The increasing complexity and noise in financial data have made predictions more difficult, rendering traditional linear methods unsuitable. In this context, deep learning and AI technologies, with their multi-layered neural network structures, offer new solutions by automatically learning complex features and nonlinear relationships within the data. Machine learning has made significant breakthroughs in handling big data and is widely applied across various fields, including finance. Its efficiency, adaptability, and ability to process large datasets make it widely applicable in asset pricing. From a mathematical perspective, it maps variable spaces to approximate the true function curve. Compared to traditional methods, nonlinear prediction models can more accurately forecast stock returns, assist in constructing efficient investment strategies, and improve both prediction accuracy and strategy performance.
4. Machine Learning Methods and Categories in Asset Pricing
Asset pricing models hold significant importance in finance, primarily including risk-return trade-off models and price prediction models. Both rely on high-quality structured and unstructured data. Structured data, such as stock prices and trading volumes, help analyze the drivers of price changes, while unstructured data, such as social media text and corporate reports, reflect market sentiment and company performance [8].

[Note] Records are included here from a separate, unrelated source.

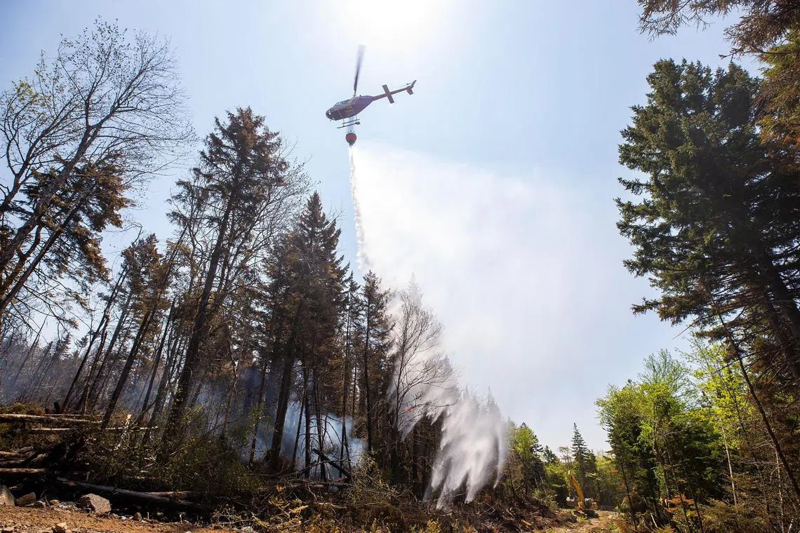 A helicopter dropping water on a hot spot behind Yankeetown Road as an excavator makes a fire break in the Tantallon wildfire, Canada.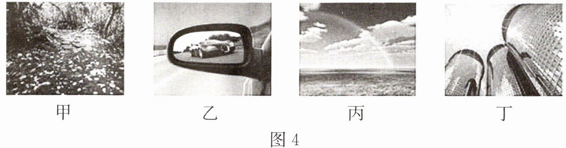 D.图丁,巨大的玻璃幕墙造成的光污染是由光的漫反射形成的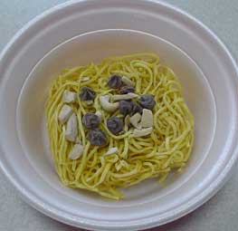 | サークルKサンクスと麺屋武蔵とロッテのガーナとのコラポ商品。 味噌ラーメンの上に、ガーナチョコレートがのっているという、 ショッキングなビジュアルのわりに、味はかなり正統派なインスタントラーメンです。 具材の中にもチョコレートが入るので、かなり甘いんじゃないかと心配したのですが、 溶かして食べるチョコレートの甘みも計算した、辛目の味噌味のスープになっていて、 腰のある麺とうまくマッチングしていました。 変わったバレンタインのプレゼントとしてもいいかと思いますが、 見た目で拒否されるおそれがありますので、お気をつけくださいまし。 298円也 販売者 株式会社とかち麺工房 |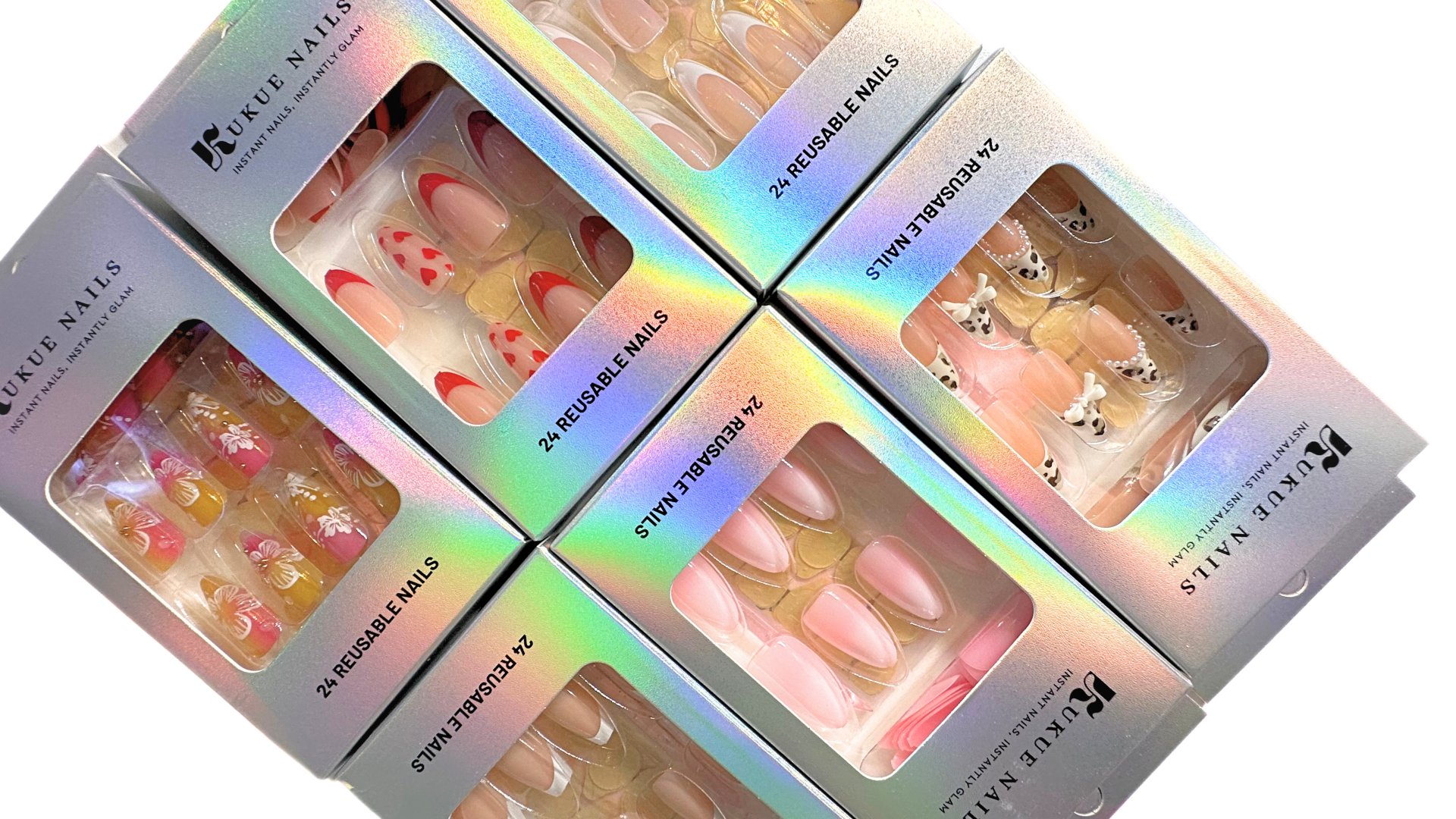 Kukue Nails offers high quality and affordable press-on nails . Each set includes a cuticle wand, mini buffer, and adhesive stickers, giving you everything you need for a quick at-home manicure.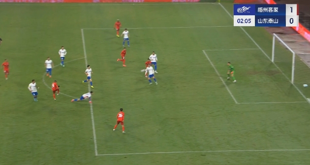 梅州開場(chǎng)2分鐘1-0泰山!茹子楠不停球抽射世界波攻破王大雷大門
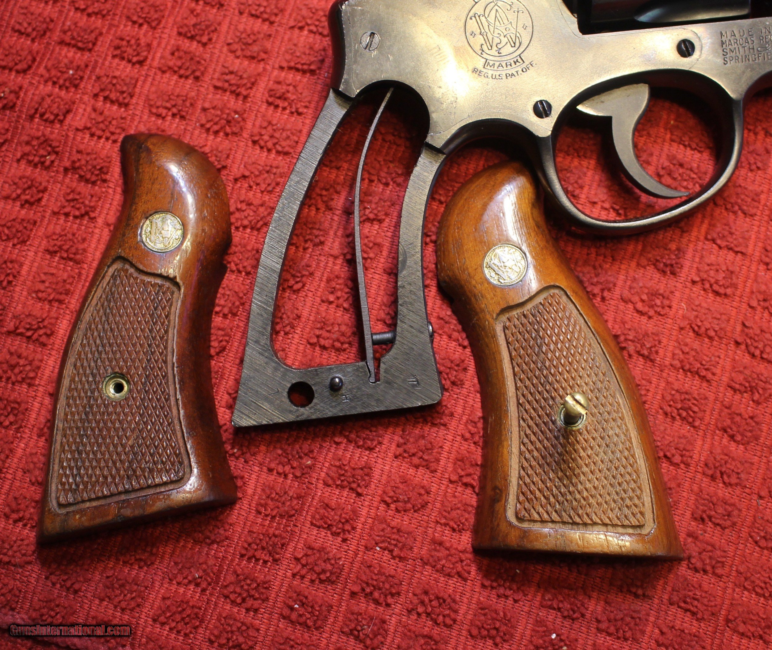 Description: On Hold for Me to make a decision on Custom or Not Got a SMITH & WESSON .45 TARGET MODEL OF 1950 (PRE-MODEL 26, FIVE SCREW VARIATION - 45 ACP CALIBERS 6 1/2" Revolver with NO box or anything other than the gun. This is a "shooter grade" and no way collector grade. The grips are S&W but not the ones that were on the gun. We took the rubber grips off and replaced them. The grips are NOT period correct. There is frosting in the last 1" to 1 1/2" of the barrel. There is everything you see in the pictures with the gun. Meaning the Gun Only. There are some full moon clips. Four of them Look closely at the pictures as what you see in what you get. Listed as USED as this came from a store out of business and is or was inventory. You are welcome to ask questions and ask for additional pictures Please check our other listings for the items As is means AS IS. There is no refund You are welcome to check out our webpage or facebook page at P&T Partners Shipping is included NOT FREE Just included for UPS Next Dayy Air shipping and full insurance Price is for Certified Funds meaning Certified Check or USPS Money Orders Credit or Plastic in any form, shape or manner add 3.5% For those in Texas you ARE subject to Texas Sales Tax for this transaction. NOTE: Credit by PHONE only WE DO ACCEPT PERSONAL OR BUSINESS CHECKS, BUT THERE IS A GRACE PERIOD OF 10 BUSINESSS DAYS ON THEM. I post on many of the firearms forums as PT-Partners. This is an FFL to FFL Transaction, as PT-Partners is a retail/FFL Dealer. For those that are local, there is no Face To Face. On Line means On Line General Information: FFL (Federal Firearms License) is required. Be prepared to obtain a copy of your local FFL holders license. For all in states where the local laws restrict this type of firearms, DO NOT BUY. If your local laws restrict the magazine capacity, again do not buy. I have no idea if this is a California Qualified Handgun, but I do ship to CA if you check other listings and something fits CA DOJ. If you are CA and you can PROVE, and your RECEIVING FFL contacts me, I will ship this to CA SOLD Curio/Relic: Yes |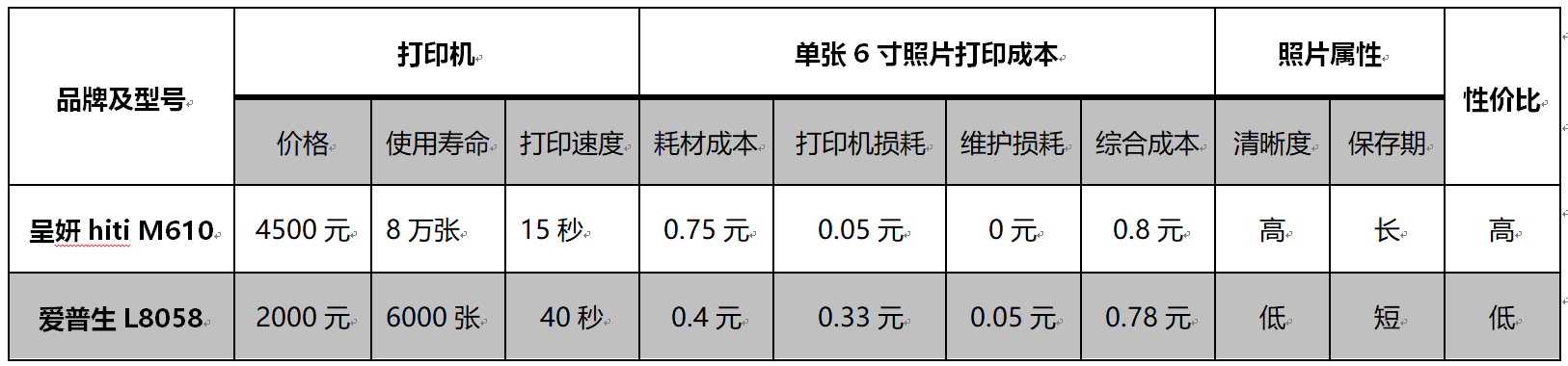 出于商業運營角度考慮,多數圖文店、照相館老板在開展快照業務時,往往會在熱升華照片打印機和噴墨打印機打中做選擇,今天我們以呈妍hiti M610和和愛普生L8058(使用原裝墨水)為例探討分析兩者的性價比,如下表所示: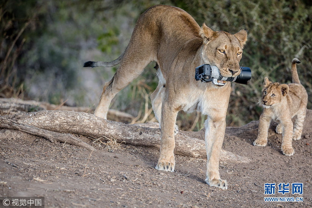 近日,非洲博茨瓦纳马沙图野生动物保护区内一头狮子叼起摄影师掉落在地上的相机,之后还将相机交给小狮子们玩耍,看起来十分好奇,而摄影师非常无奈。现年57岁的丛林探险家Barbara Jensen Vorster在一辆越野车上为马沙图野生动物保护区的狮群拍照时,相机不小心掉到了地上。砰的一声响惊动了母狮子,它向摄影师方向移动,迫使探险队撤退。 (图片来源:视觉中国)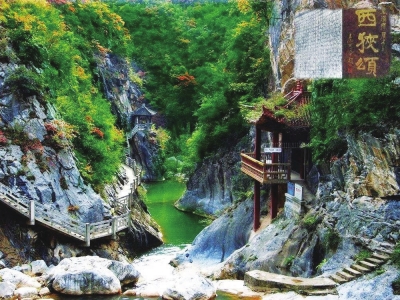 由于路況寬闊平整,從成縣縣城驅(qū)車西行二十分鐘至東入口,便來到了號稱青山綠水間的書法博物館的魚竅峽,這里就是著名的西狹頌風(fēng)景區(qū)。“光怪靈潭氣欲春,波平浪靜一輪存。鏡連五色龍成彩,珠映千鱗月映痕。”果然,這方寶地清幽綺麗,青山對峙,澗流清澈。峽內(nèi)的山、水、石、樹,皆成風(fēng)景;亭、橋、廊、榭,相映成趣。舉目環(huán)望,山崖上綠樹層疊,其間亦或有古樹參天,老藤纏繞。兩山之間的響水河,或在峽谷中潺潺繞行,或在巨石間沖騰奔瀉,浪花激起的水聲。更美的是懸崖上的水,化成一條白練從高處垂落而下,直泄黃龍?zhí)?。西峽飛瀑“龍?zhí)队吃?rdquo;便成為成縣著名的八景之一,至今為世人津津樂道,贊嘆不已。

In data processing, machine learning models are divided into two categories: feature engineering and end-to-end deep learning. Feature engineering involves dimensionality reduction and feature extraction using techniques such as Principal Component Analysis (PCA), Singular Value Decomposition (SVD), and Independent Component Analysis (ICA). Additionally, Bayesian algorithms, Markov methods, Support Vector Machines (SVM), decision trees, and random forests are widely used in asset pricing to handle uncertainty and time series prediction. Particle swarm optimization and genetic algorithms are employed for model parameter tuning and strategy optimization. Transfer learning and ensemble learning show potential in the integration of diverse data.
End-to-end deep learning methods, on the other hand, automate feature extraction by using Long Short-Term Memory (LSTM) networks and Convolutional Neural Networks (CNN) to process time series and image data. Reinforcement learning optimizes dynamic asset allocation, while text analysis and natural language processing enhance information extraction capabilities. Ultimately, model fusion improves prediction accuracy and stability.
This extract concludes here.